Brain

Dynamically Modulating Spoken Language

Working with the text to speech engine is a lot of fun and has lots of potential for being used in all sorts of ways.  It has one problem though…

It sounds horrible.  It sounds like its from a bad 80’s sci-fi movie.

Sine waves different frequencies

Now, TTS voices have come a long ways since the 80’s.  I realize that the default voice included with Windows 7 is light years better than what would have been possible even just a few years ago.  But I wanted my project to have a good voice that is understandable and just plain sounds good.

I started looking at different voices available online.  There are a lot out there.  I wasn’t sure if all of them would actually work with the basic Windows TTS setup or not.  And a lot of them are quite expensive.  I finally came across several blog posts that talked about some add-on voices that work with Windows and are fairly inexpensive and still sound good.

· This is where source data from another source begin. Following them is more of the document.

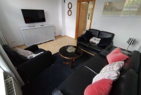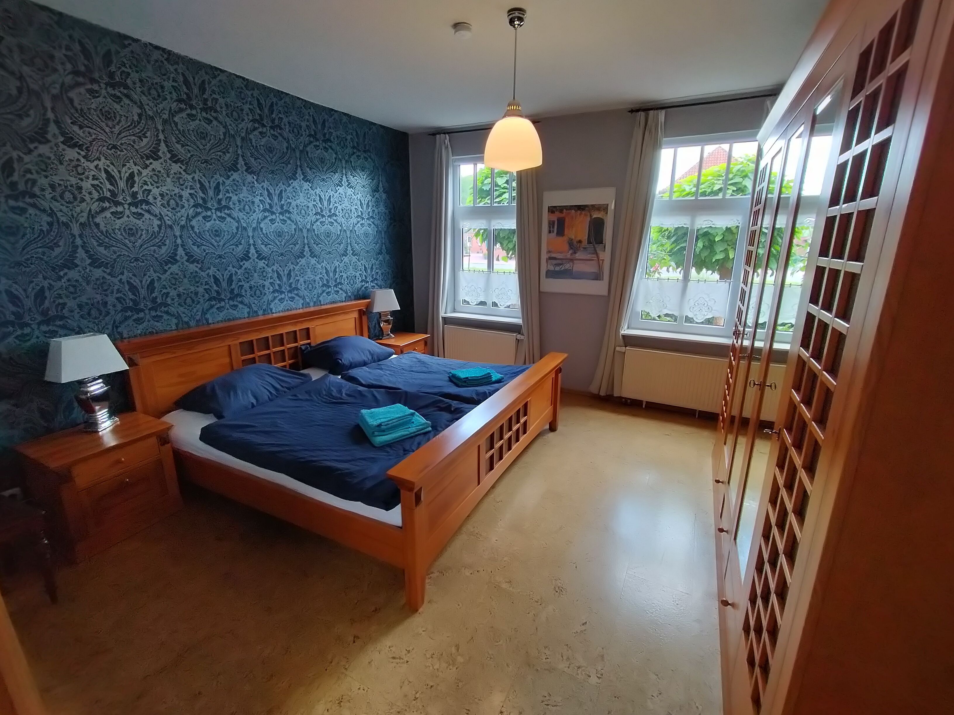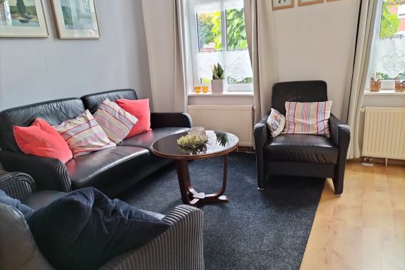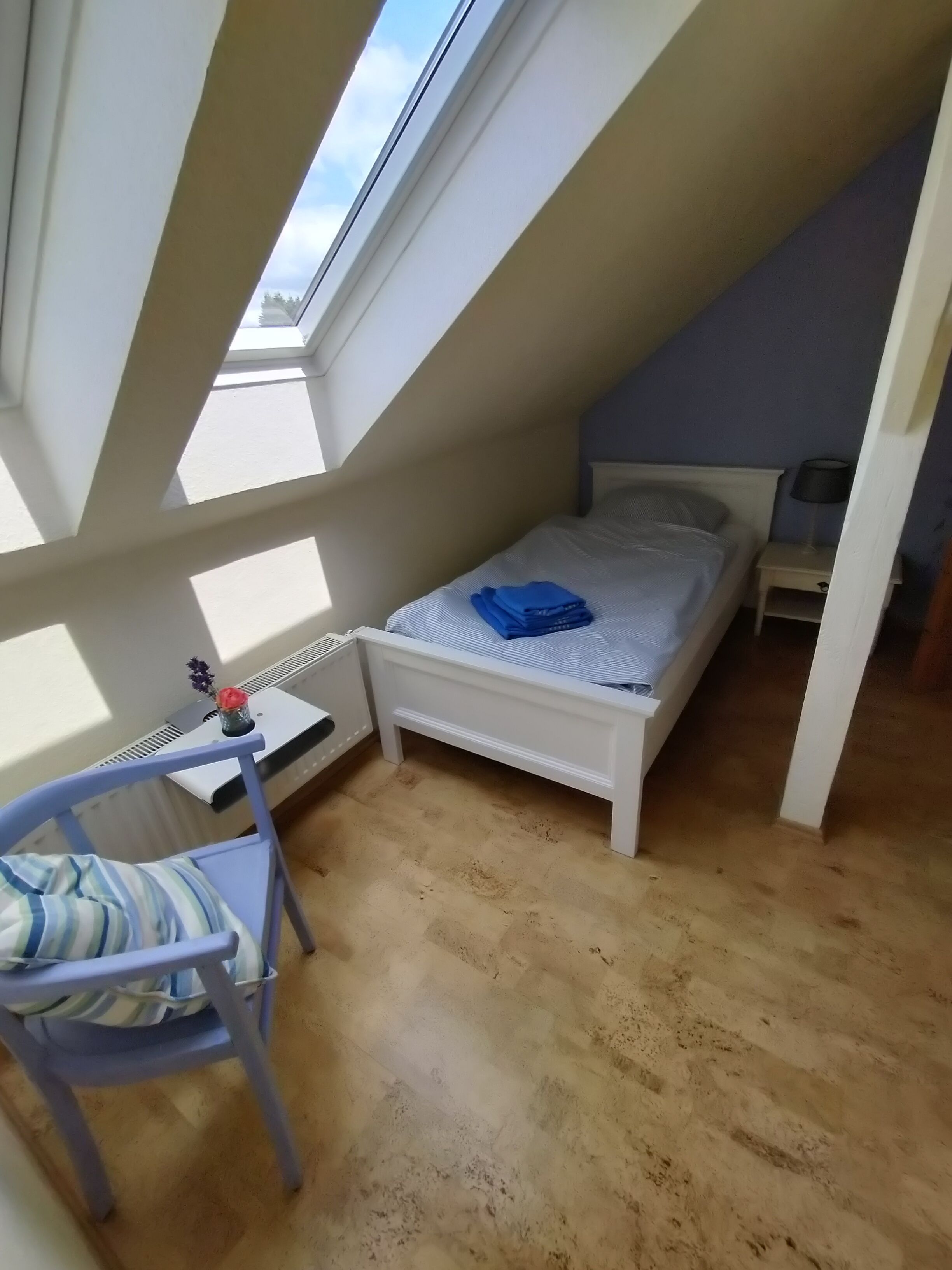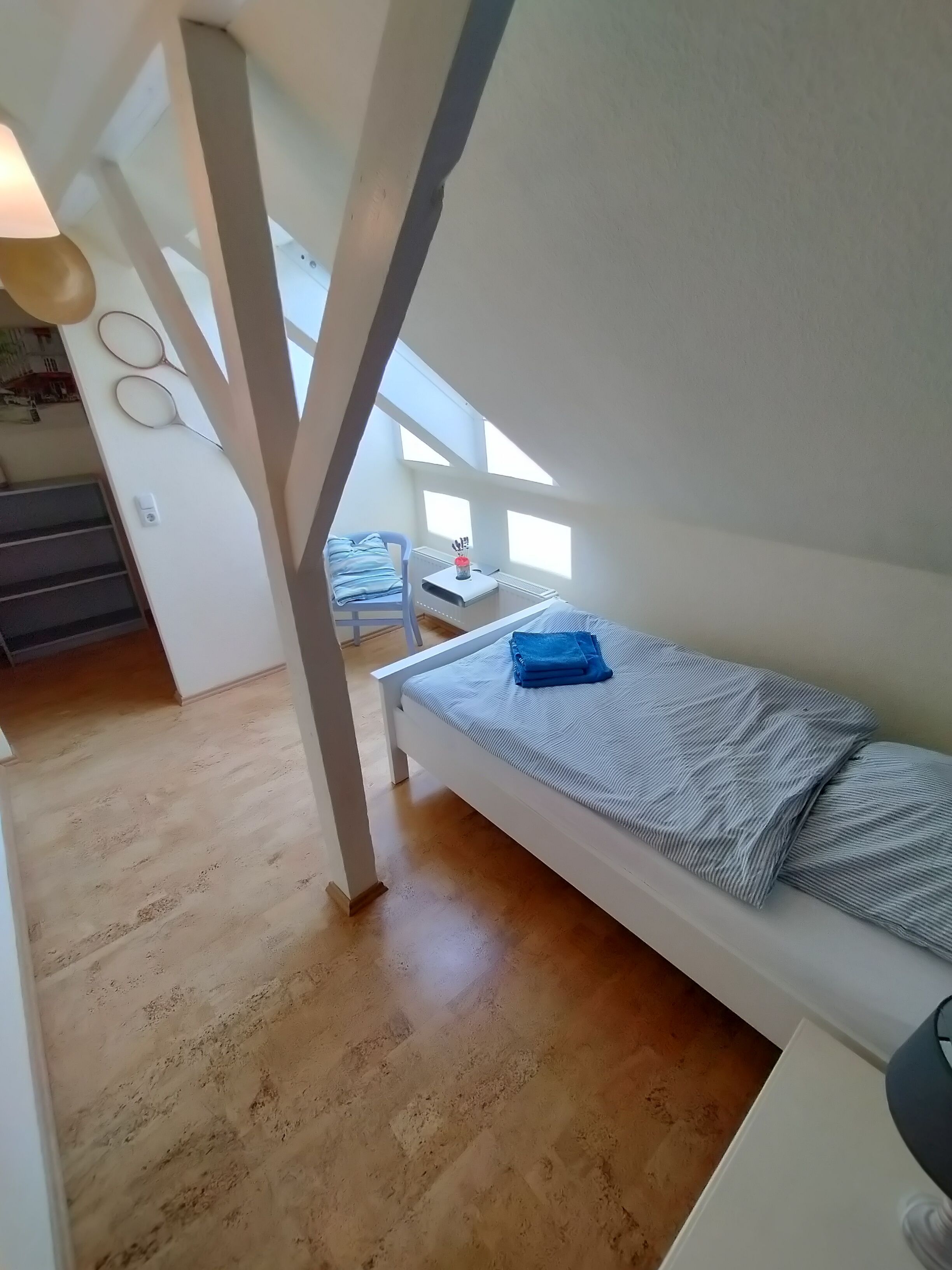 Die Wohnung erstreckt sich über 2 Etagen und verfügt über 2 Schlafzimmer mit Doppelbetten im Erdgeschoss. Im Dachgeschoss befinden sich 3 Schlafzimmer mit Einzelbetten. Das große Familienbad befindet sich im Dachgeschoss und verfügt über Badewanne, Dusche und WC. Im Erdgeschoss ist die Küche mit Essplatz und einem extra Wohnzimmer mit TV. Eine Spielesammlung für Spieleabende mit der ganzen Familie steht zur Verfügung.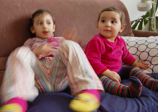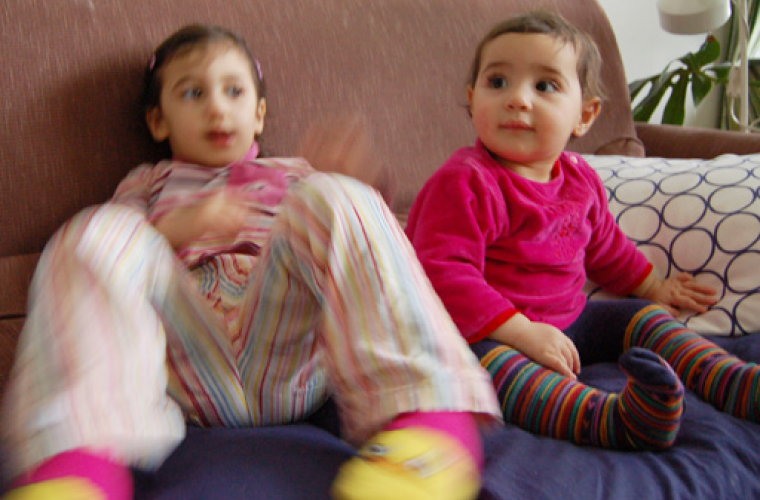 Melissa har vaknat från sin tupplur och kommer yrvaken in i köket. Hon ger sin mamma en kram och går sedan in till vardagsrummet och tittar på sitt favoritprogram Teletubbies. Sonia har tröttnat på att sitta still i barnstolen och Siham lyfter ner henne på golvet. Hon tittar sig storögt omkring och kryper sedan in till sin storasyster i vardagsrummet.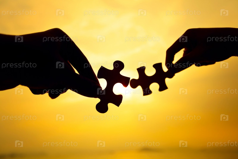 Силуэт двух рук с пазлами

Ivona has a bunch of very competitively priced voices that all sound very good (http://www.ivona.com/us/voices/).  They have a demo you can download so I figured that would be the smartest choice to start with.  Got home from work, installed the demo and tried them out with my current demo script.  To my surprise everything worked without a hitch and now my demo sounded quite a bit more like a real person or digital assistant.  Being very pleased with the quality of the voices I went through all the voices they had available and chose one.

IVONA 2 voice Salli is the voice I ended up selecting (http://www.ivona.com/us/products/voice-salli/).  To me it sounded the clearest and very understandable.  I ran the demo version a bit longer with a bunch of strings of text to see how it sounded and finally broke down and just purchased it.  At the time it was only $45 (price may have changed since then).

Now that I have a decent voice for my digital assistant, I started looking for a way to test it out with a bunch of text.  Currently all I have been doing is listening to generated audio… but I wanted to generate a lot of audio and not have to sit at my desk.  I started looking into ways to generate the audio and output it to an audio file vs. having to just play it out through the computer sound system.

After a lot of looking I found some links that all had hints and partial ideas/solutions and finally one that had exactly what I needed.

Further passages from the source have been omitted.